THE PROBLEM: Copy each line of the records exactly, stopping only after the line that contains "會(huì)議期間,三個(g" has been written, and leave pictures out.

TASK MATERIAL:

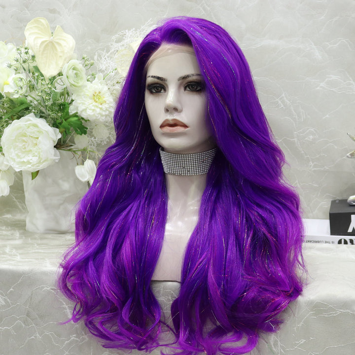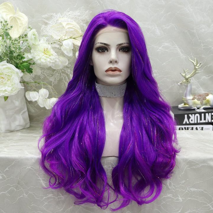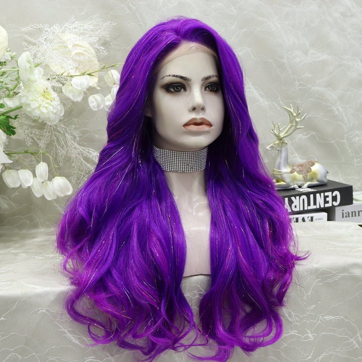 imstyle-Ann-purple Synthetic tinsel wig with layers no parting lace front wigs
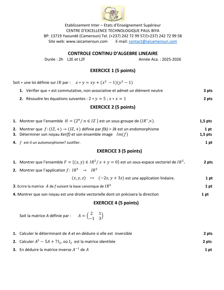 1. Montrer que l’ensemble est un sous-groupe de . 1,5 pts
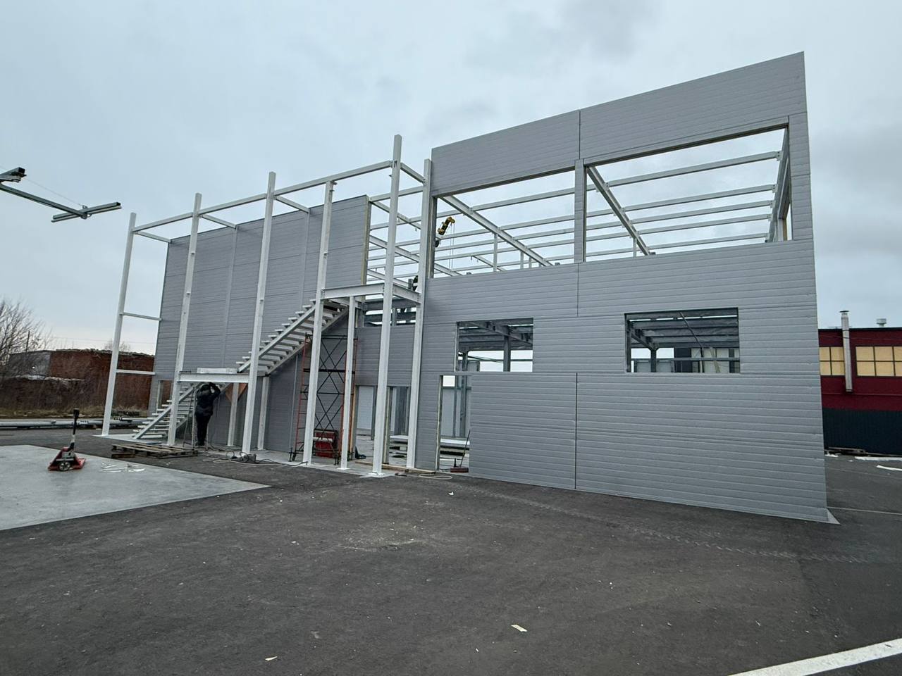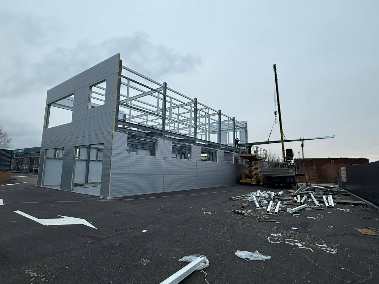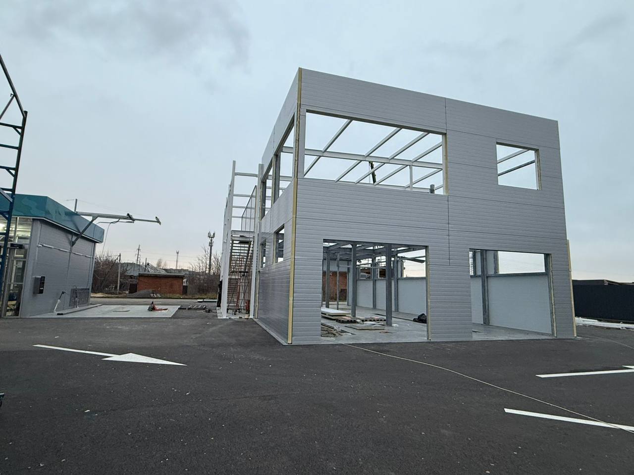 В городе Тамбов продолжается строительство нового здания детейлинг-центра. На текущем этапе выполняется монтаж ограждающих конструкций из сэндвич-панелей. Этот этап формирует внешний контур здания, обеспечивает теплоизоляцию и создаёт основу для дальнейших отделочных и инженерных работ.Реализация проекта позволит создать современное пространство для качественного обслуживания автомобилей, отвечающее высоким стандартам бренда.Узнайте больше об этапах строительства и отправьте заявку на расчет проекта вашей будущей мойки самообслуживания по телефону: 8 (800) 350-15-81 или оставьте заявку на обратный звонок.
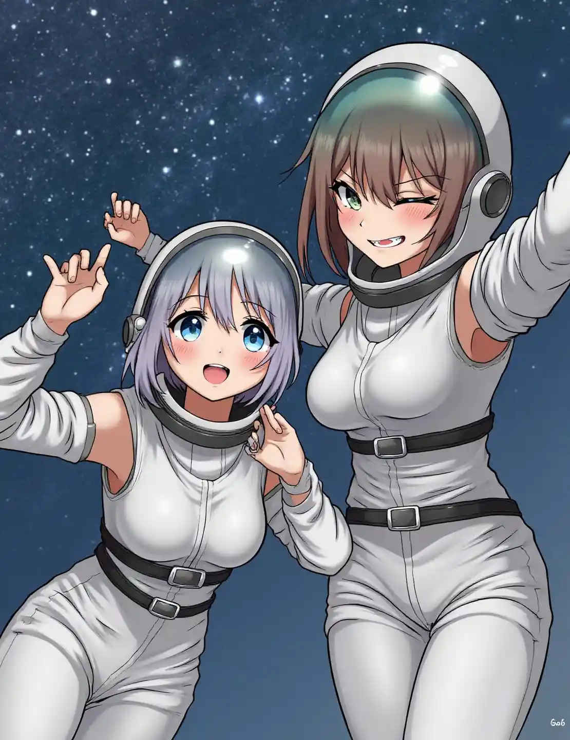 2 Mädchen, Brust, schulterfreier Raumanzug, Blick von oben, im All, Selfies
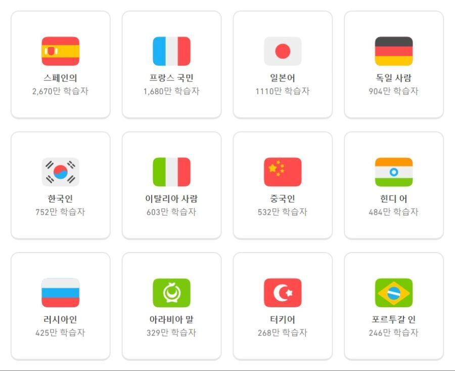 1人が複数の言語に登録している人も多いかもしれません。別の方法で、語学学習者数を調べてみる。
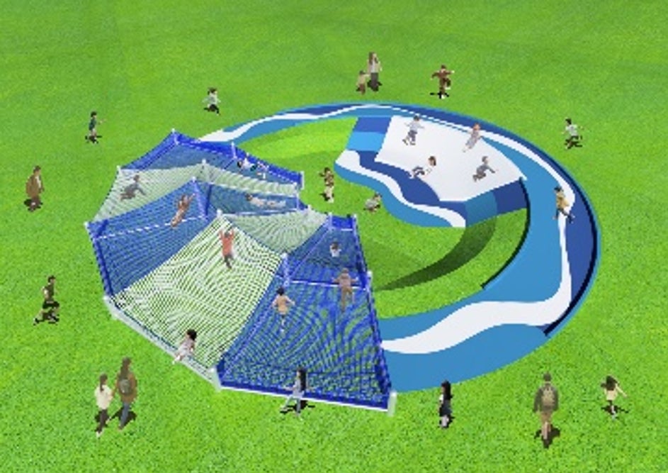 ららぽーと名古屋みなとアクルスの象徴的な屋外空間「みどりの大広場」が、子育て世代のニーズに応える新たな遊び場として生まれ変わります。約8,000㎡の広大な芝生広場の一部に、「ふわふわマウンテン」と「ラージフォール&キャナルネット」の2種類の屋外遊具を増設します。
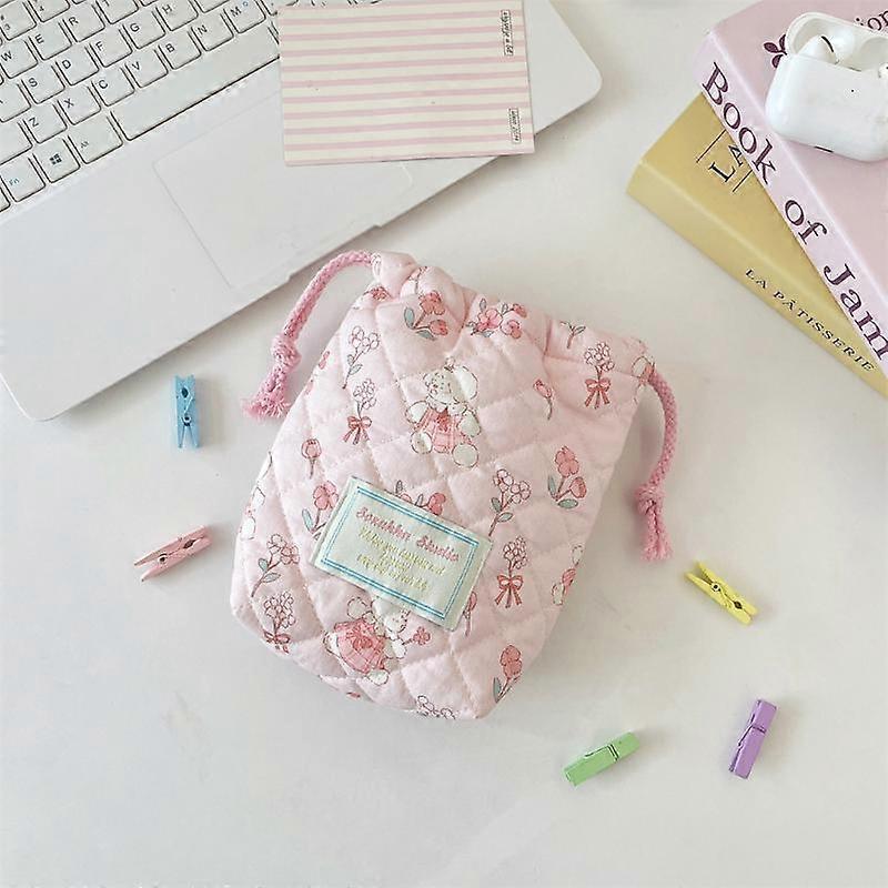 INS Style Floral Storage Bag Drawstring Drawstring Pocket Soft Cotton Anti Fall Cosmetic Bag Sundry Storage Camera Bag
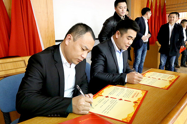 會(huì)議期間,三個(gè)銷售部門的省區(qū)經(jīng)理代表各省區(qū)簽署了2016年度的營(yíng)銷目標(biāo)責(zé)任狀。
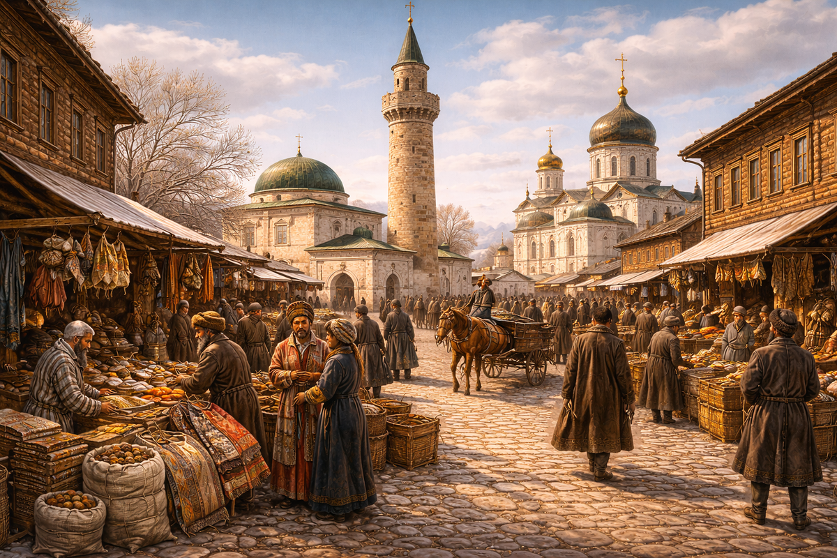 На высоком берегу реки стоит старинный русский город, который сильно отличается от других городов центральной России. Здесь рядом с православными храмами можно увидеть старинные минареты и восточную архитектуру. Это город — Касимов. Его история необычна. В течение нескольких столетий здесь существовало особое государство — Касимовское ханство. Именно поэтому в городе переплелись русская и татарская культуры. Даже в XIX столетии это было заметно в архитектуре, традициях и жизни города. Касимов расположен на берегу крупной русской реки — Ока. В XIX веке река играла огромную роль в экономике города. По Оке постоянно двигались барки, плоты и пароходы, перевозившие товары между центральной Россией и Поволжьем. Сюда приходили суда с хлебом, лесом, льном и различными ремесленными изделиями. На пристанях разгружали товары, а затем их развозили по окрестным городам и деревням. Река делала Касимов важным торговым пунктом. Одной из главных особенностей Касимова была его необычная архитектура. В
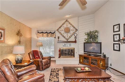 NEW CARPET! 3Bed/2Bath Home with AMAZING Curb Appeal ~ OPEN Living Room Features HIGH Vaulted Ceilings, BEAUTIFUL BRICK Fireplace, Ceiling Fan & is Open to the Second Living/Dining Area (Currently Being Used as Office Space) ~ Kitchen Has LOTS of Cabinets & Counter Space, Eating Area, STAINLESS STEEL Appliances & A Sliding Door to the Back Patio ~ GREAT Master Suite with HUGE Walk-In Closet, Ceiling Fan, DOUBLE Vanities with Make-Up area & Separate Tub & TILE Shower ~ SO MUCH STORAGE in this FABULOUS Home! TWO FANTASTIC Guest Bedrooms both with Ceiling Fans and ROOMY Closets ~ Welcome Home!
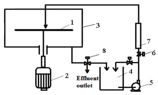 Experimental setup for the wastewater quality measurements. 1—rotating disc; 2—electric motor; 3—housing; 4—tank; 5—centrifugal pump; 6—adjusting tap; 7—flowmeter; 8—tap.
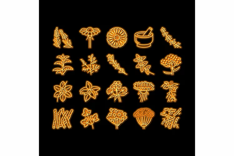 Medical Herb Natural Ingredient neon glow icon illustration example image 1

EXERCISE RESPONSE:
 imstyle-Ann-purple Synthetic tinsel wig with layers no parting lace front wigs
 1. Montrer que l’ensemble est un sous-groupe de . 1,5 pts
 В городе Тамбов продолжается строительство нового здания детейлинг-центра. На текущем этапе выполняется монтаж ограждающих конструкций из сэндвич-панелей. Этот этап формирует внешний контур здания, обеспечивает теплоизоляцию и создаёт основу для дальнейших отделочных и инженерных работ.Реализация проекта позволит создать современное пространство для качественного обслуживания автомобилей, отвечающее высоким стандартам бренда.Узнайте больше об этапах строительства и отправьте заявку на расчет проекта вашей будущей мойки самообслуживания по телефону: 8 (800) 350-15-81 или оставьте заявку на обратный звонок.
 2 Mädchen, Brust, schulterfreier Raumanzug, Blick von oben, im All, Selfies
 1人が複数の言語に登録している人も多いかもしれません。別の方法で、語学学習者数を調べてみる。
 ららぽーと名古屋みなとアクルスの象徴的な屋外空間「みどりの大広場」が、子育て世代のニーズに応える新たな遊び場として生まれ変わります。約8,000㎡の広大な芝生広場の一部に、「ふわふわマウンテン」と「ラージフォール&キャナルネット」の2種類の屋外遊具を増設します。
 INS Style Floral Storage Bag Drawstring Drawstring Pocket Soft Cotton Anti Fall Cosmetic Bag Sundry Storage Camera Bag
 會(huì)議期間,三個(gè)銷售部門的省區(qū)經(jīng)理代表各省區(qū)簽署了2016年度的營(yíng)銷目標(biāo)責(zé)任狀。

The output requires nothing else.